/haystackdb

Primary LanguageRustApache License 2.0Apache-2.0

HaystackDB

Minimal but performant Vector DB

Features

  • Binary embeddings by default (soon int8 reranking)
  • JSON filtering for queries
  • Scalable, distributed architecture for use with multi replica deployments
  • Durable (WAL), persistent data, mem mapped for fast access in the client

Benchmarks

On a MacBook with an M2, 1024 dimension, binary quantized.

FAISS is using a flat index, so brute force, but it's in memory. Haystack is storing the data on disk, and also brute forces.

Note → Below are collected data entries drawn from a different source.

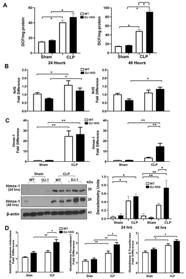 3.7. DJ-1 Deficiency Increases Antioxidant Pathways Post-CLP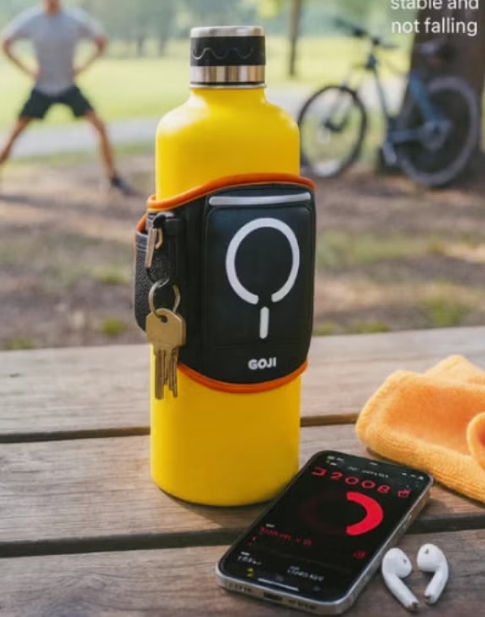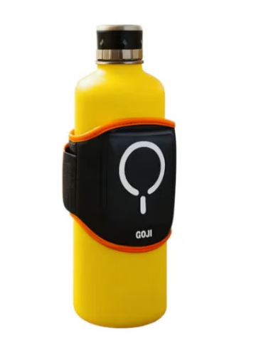 The GOJI magnetic water bottle storage bag is designed to keep your water bottle and essentials close at hand without needing to use pockets. Thanks to its magnetic closure system and sleeve The airtight bottle keeps your drink secure while walking, stretching, or cycling. The front features the GOJI logo and a spacious zippered pocket that fits a smartphone, earphones, cards, or a snack.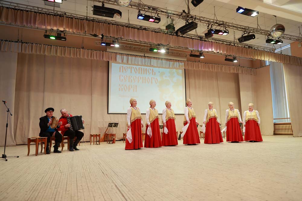На концерте прозвучали песни из золотого фонда Северного хора «Ах, не одна во поле дороженька», «Красна девица вила кудерышки», «Прялица», «Ты луготка луговая», «Тихо стонет сине море» и другие.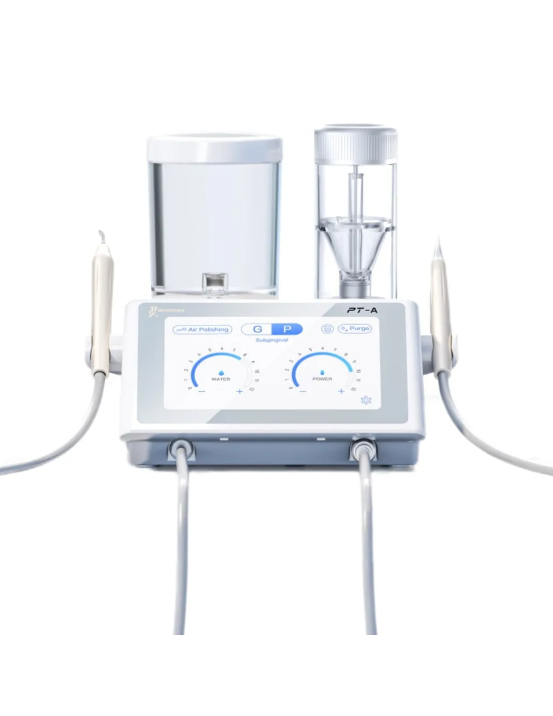 PT-A de Woodpecker es la solución combinada y completa para una profilaxis perfecta ya que es un aparato de ultrasonidos con aeropulidor.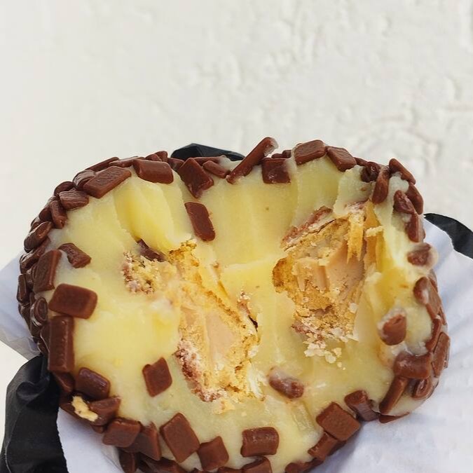 Um delicioso brigadeirão de Kinder, feito com massa de brigadeiro de Ninho, com 2 pedaços de Kinder, finalizando no Granule ao leite! Aprox 120g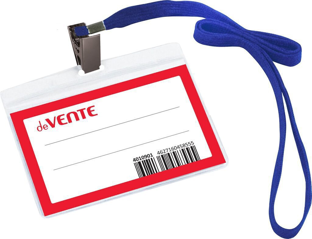 Бейдж горизонтальный, с бумажным вкладышем, размер 99*66мм, на ленте с клипом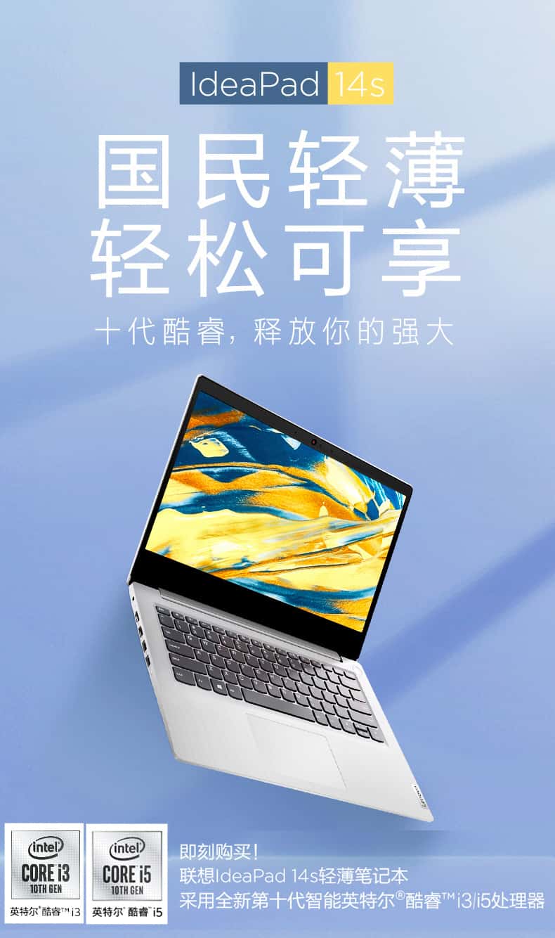 联想 IdeaPad 14s 英特尔酷睿i3 14英寸轻薄本笔记本电脑 i3-10110U/8G/512G 学生网课办公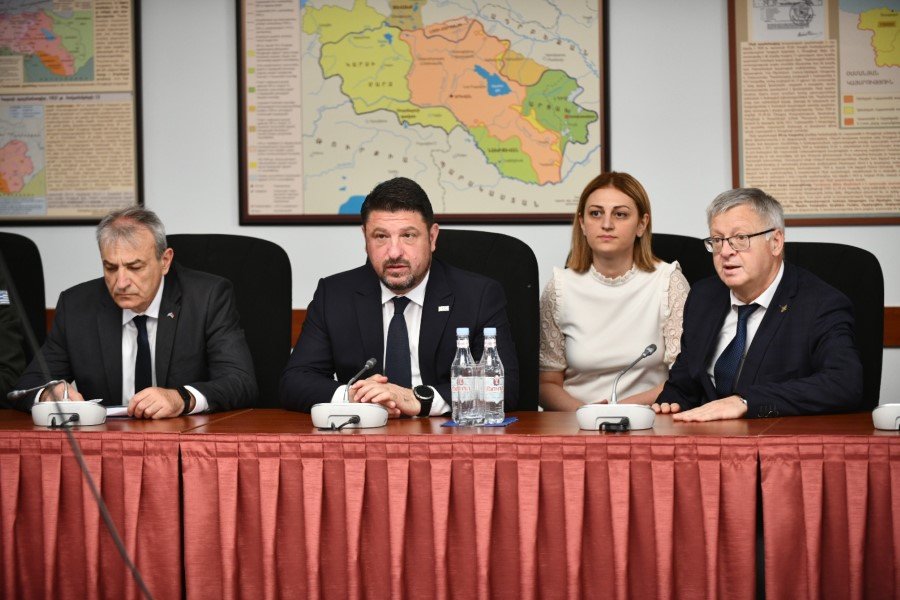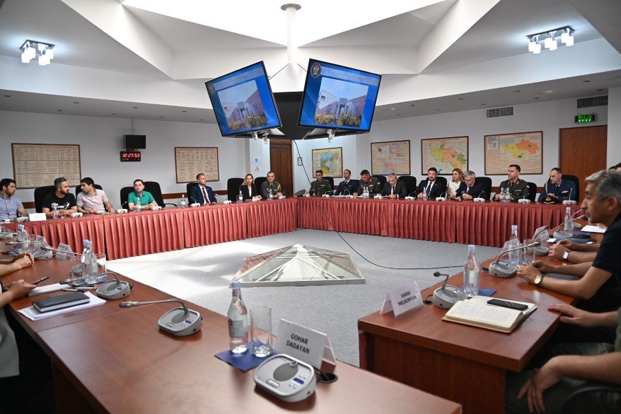 Τέλος, ο υφυπουργός Εθνικής 'Αμυνας μετέβη στις έδρες της Vasgen Sargsyan Military Academy και του National Defense Research University, όπου ενημερώθηκε για την οργάνωση και τα προγράμματα στρατιωτικής και ακαδημαϊκής εκπαίδευσης, περιηγήθηκε στις εγκαταστάσεις τους και ξεναγήθηκε σε στατική έκθεση οπλικών συστημάτων.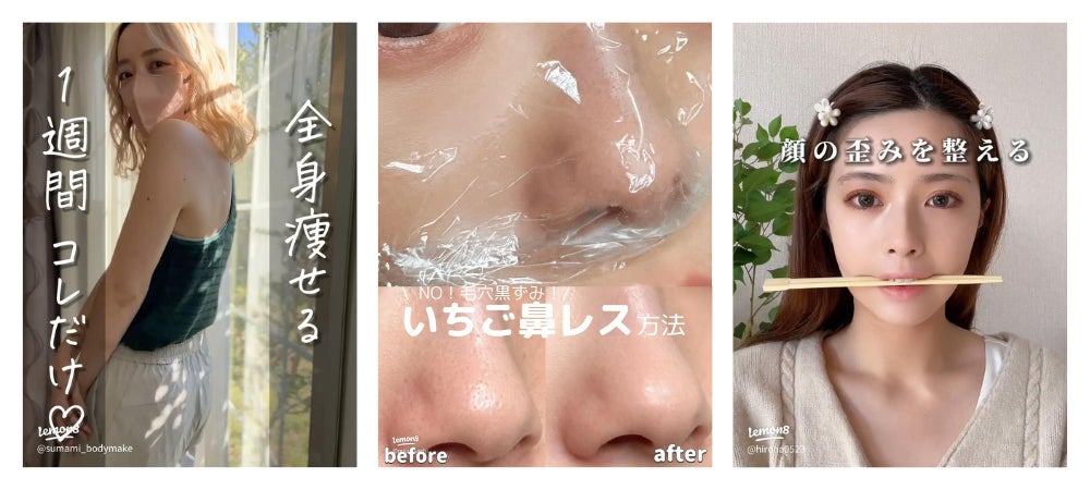 写真引用(左から、タイパ痩せ / ワセリン美容 / 左右対称顔トレ)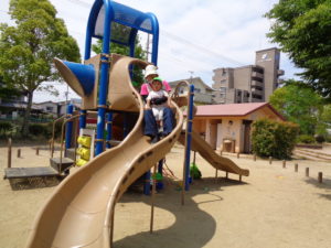 急な勾配のすべり台も、先生と一緒ならへっちゃらです(*^-^*)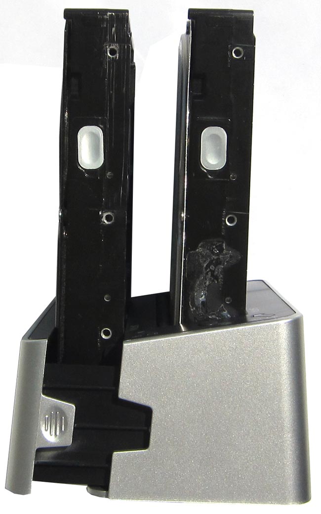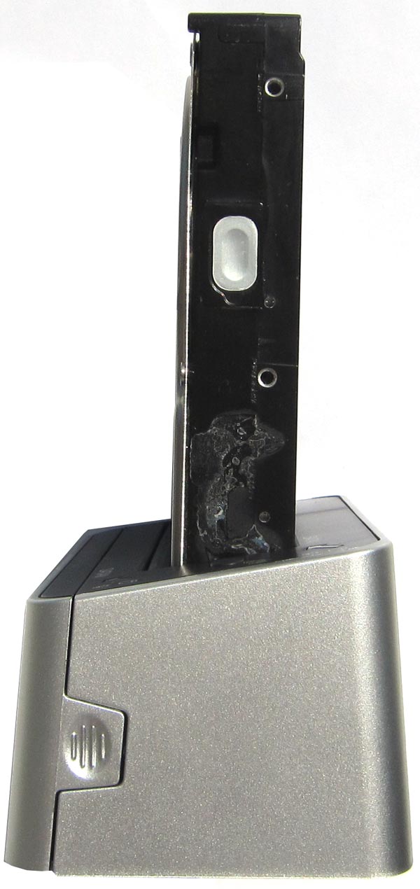 Изделие имеет четыре резиновых (резина плотная) ножки, на которых оно плотно прилегает к столу, когда в 3UBT3 помещено сразу два 3.5" винчестера. Эти же ножки препятствуют излишней вибрации от скоростных накопителей: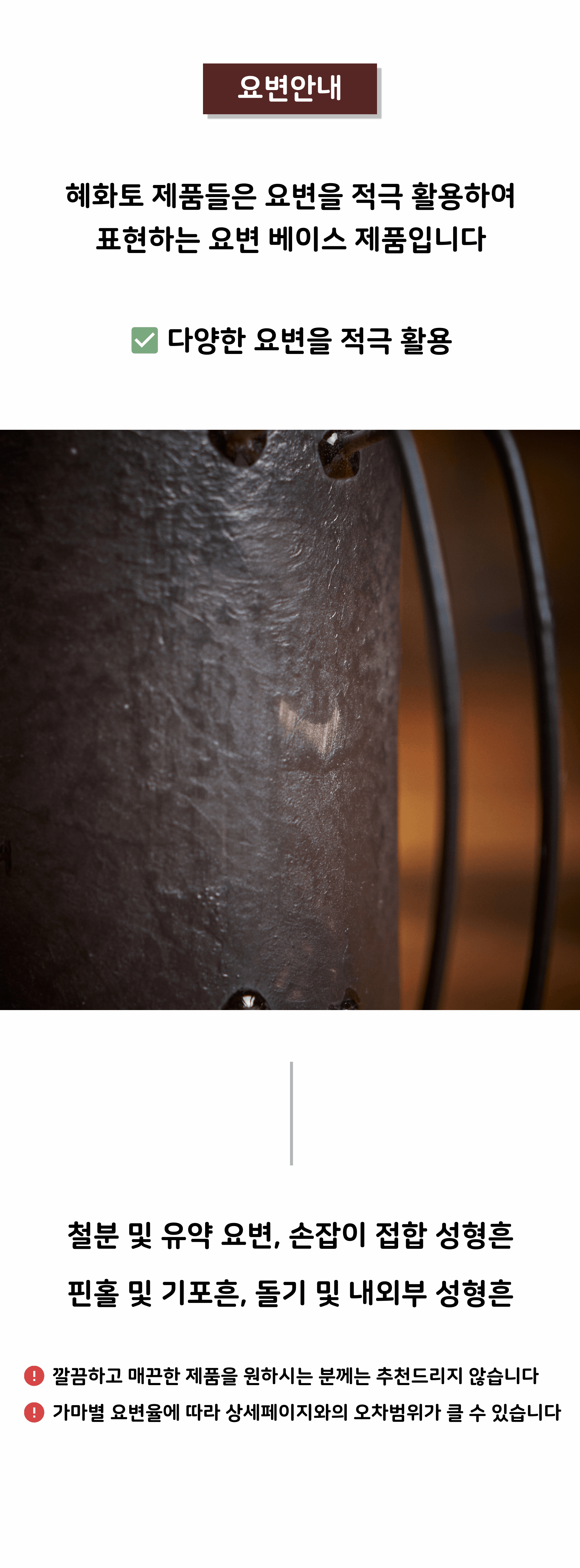 | 핸드메이드 도자기 그릇은 일반적인 공산품과 다릅니다. 가마의 분위기, 매번 달라지는 흙의 속성, 유약의 미세한 비율등 셀 수 없는 많은 요소로 인하여 끊임없이 요변이 일어나는 것이 핸드메이드 도자기 입니다. 상세 페이지와 다른 색상톤, 철분점과 돌기, 기포자국, 물레 형성자국, 가마에 닿는 바닥면의 흠집, 색배임 등등 핸드메이드 그릇 고유의 특징에 대하여 민감하신 분은 구매전 다시 한 번 고려하여 주시기 바랍니다. 온라인 쇼핑몰 특성상 사진이 본래의 제품과 100% 똑같이 나온다고 말씀드릴 순 없습니다. 항상 실제 제품과 같아 보이도록 최선을 다하고 있지만, 촬영 당시의 한 두개의 모델로 촬영된 제품과 꾸준히 생산되며 재입고되는 제품들은 요변에 따라 차이점이 날 수 밖에 없음을 이해해 주시기 바랍니다. 또한, 제품을 검색하는 모니터, 핸드폰의 종류에 따라서도 색상의 차이가 달라지니 이 점 참고하시기 바랍니다. |

TLDR is Haystack is ~10x faster despite being stored on disk.

100,000 Vectors
Haystack — 3.44ms
FAISS    — 29.67ms

500,000 Vectors
Haystack — 11.98ms
FAISS    - 146.50ms

1,000,000 Vectors
Haystack — 22.65ms
FAISS    — 293.91ms

Roadmap

  • Quickstart Guide
  • Int8 reranking
  • Better queries with more than simple equality (this is done now)
  • Full text search
  • Better insertion performance with batch B+Tree insertion (could probably be further improved, but good for now)
  • Point in time backups/rollback
  • Cursor based pagination
  • Schema migrations